2024年4月19日(金)

world rice

2013年12月3日

 米国・シカゴの穀物相場のうち、コメは南部で生産される長粒種の取り引き価格が採用されています。気候柄、コメ生産の先陣を切るのは南部で、年が明けると精米業者がその時の国際相場、世界的な生産量、在庫量などを踏まえて買い取り価格を決定。生産者にオファーします。

 西海岸に位置するカリフォルニアでは、こうした南部の動向を見てから契約が始まります。ただ、カリフォルニアの生産面積の8割は中粒種です。中粒種は、世界的な生産量が長粒種と比べて少ないため、シカゴの相場(長粒種)より1トン当たり200ドル程度が割り増しされる傾向にあります。

 生産者は、品種や作付け面積、価格のほか、支払いのタイミングなどの条件面を精米業者と協議し、合意に至れば、種まきに移ります。

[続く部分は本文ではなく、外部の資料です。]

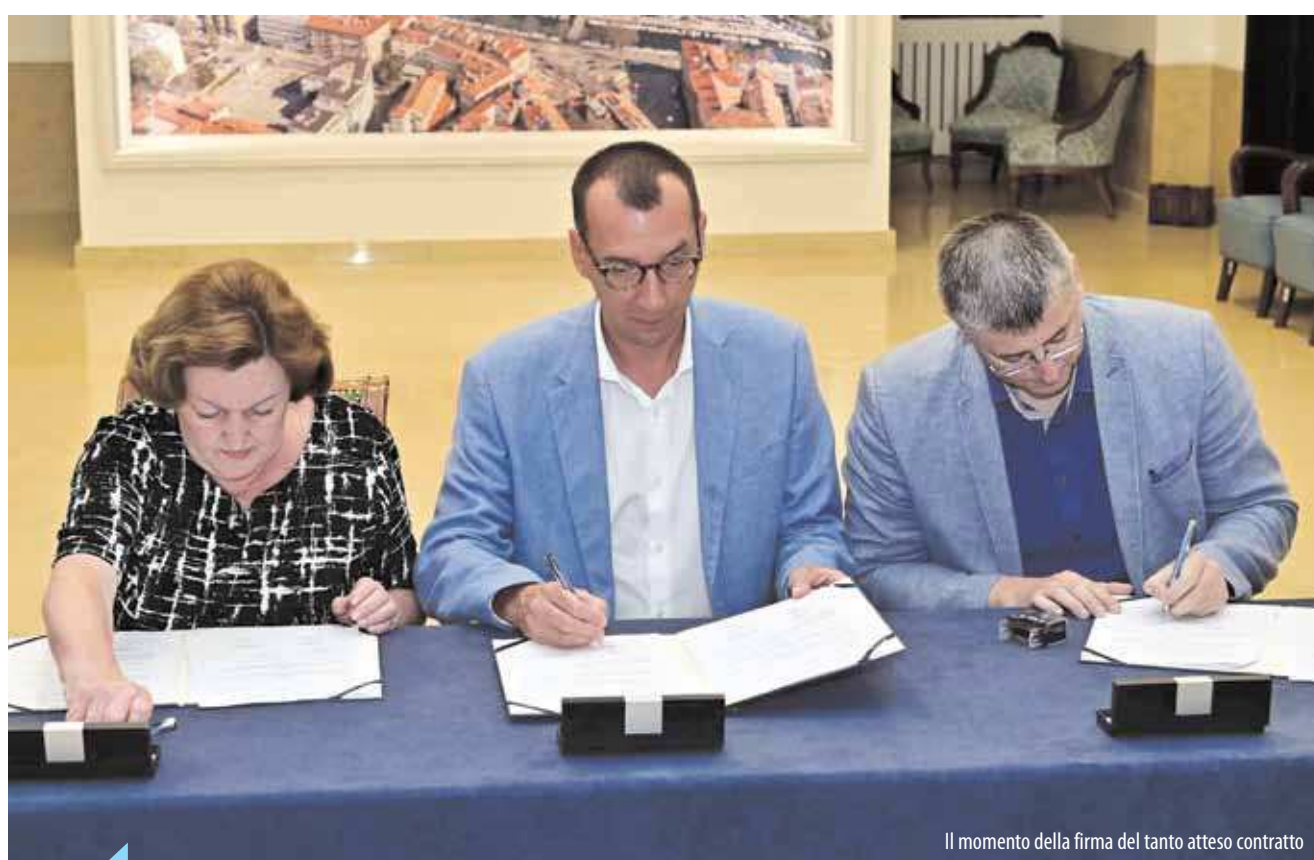
Il momento della firma del tanto atteso contratto

そして、種まきが終わったことを精米業者が確認し、契約書にサインするのです。

 当然、変動相場制では、収穫後に売り出した方が儲かる場合もありますので、今年は生産可能量のうち何割を作付け前に契約し、何割を残しておくか戦略を練っていくことになります。

 米国にも生産者を支援する制度は存在します。政府系の商品金融公社(CCC)による融資制度や所得補償制度などが代表的です。ただし、国際相場で価格が決まるため、日本のように国内価格と生産費の差額を埋める補助策とは異なります。国際競争力を高める政策です。

 例えば、CCCの融資制度では、1トンのコメを担保に150ドルの融資を受けた場合、返済時に相場が100ドルまで下がってしまっても、返済額は100ドルで済まされ、差額や金利もすべて免除されます。そして、担保を抹消されたコメは、精米業者が精米して国内や海外で販売します。そのため、ほとんどの生産者が融資制度を利用。精米業者にとっても国際相場の急激な下落リスクをヘッジでき、安定した事業が続けられます。

 日本のコメ農家は、政府の保護を受け、ギャンブル的な生産を続けている限り、国際競争力を持つことはできません。今年はどの品種をどのぐらい作付けするか、マーケットを見ながら経営的な視点で生産するべきです。